*** Opening Data excerpt ***

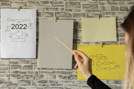 a girl stands near a wall with cards and drawings with geometric shapes, a business plan on a blackboard, planning, work and ideas
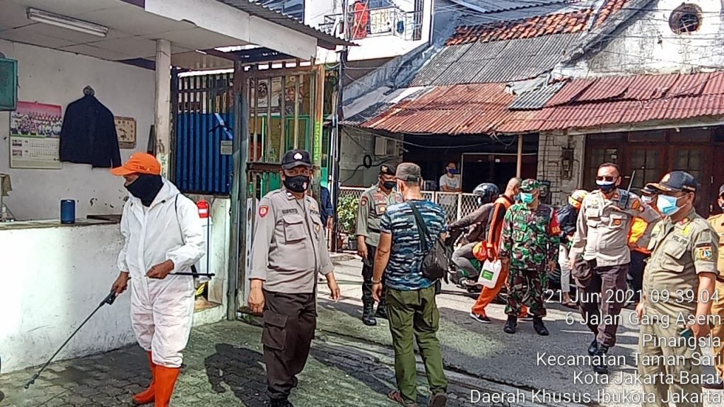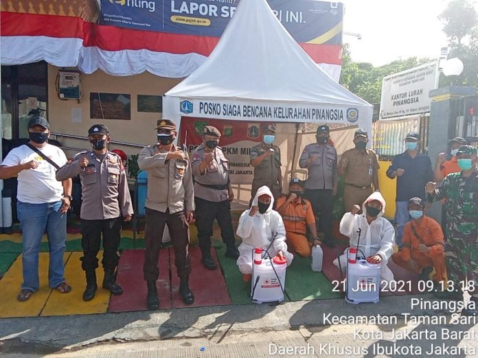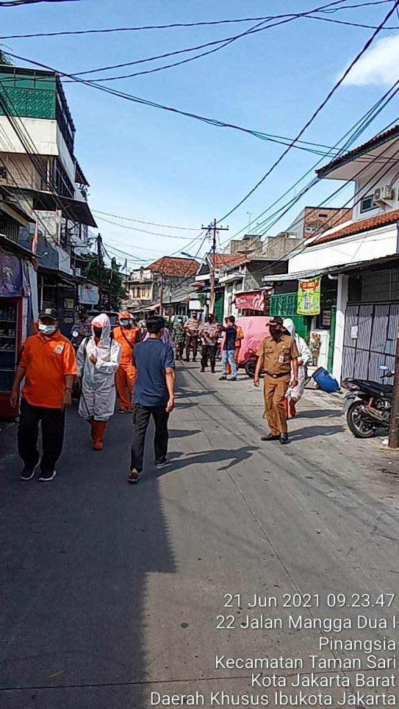 ACTUALNEWS.ID, Jakarta- Babinsa Koramil 01/TS Kodim 0503/JB Serma Wakdinator bersama tiga pilar melaksanakan Giat Penyemprotan cairan Disinfektan, pembagian masker dan himbauan kepada warga untuk mematuhi Prokes, senin (21/6) pagi.
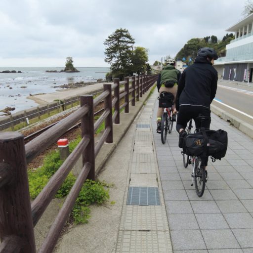 一方、東側ルートのようなサイクル・トレインがないのは残念。富山と氷見の間はJRで輪行可能だが、その先の鉄路はないので、必ず往復しなければならない。そこで、西側ルートの始端である県境までサイクル・バスを走らせてはどうだろうか? そこからは左手に海を、前方に山々を見渡しながら富山市に向かって走ることになる。北風が多いそうなので、追い風になるのも好都合だろう。

*** Closing Data excerpt ***

The material above is to be transcribed exactly, with all pictures omitted.

- _Answer for this exercise_
 a girl stands near a wall with cards and drawings with geometric shapes, a business plan on a blackboard, planning, work and ideas
 ACTUALNEWS.ID, Jakarta- Babinsa Koramil 01/TS Kodim 0503/JB Serma Wakdinator bersama tiga pilar melaksanakan Giat Penyemprotan cairan Disinfektan, pembagian masker dan himbauan kepada warga untuk mematuhi Prokes, senin (21/6) pagi.
 一方、東側ルートのようなサイクル・トレインがないのは残念。富山と氷見の間はJRで輪行可能だが、その先の鉄路はないので、必ず往復しなければならない。そこで、西側ルートの始端である県境までサイクル・バスを走らせてはどうだろうか? そこからは左手に海を、前方に山々を見渡しながら富山市に向かって走ることになる。北風が多いそうなので、追い風になるのも好都合だろう。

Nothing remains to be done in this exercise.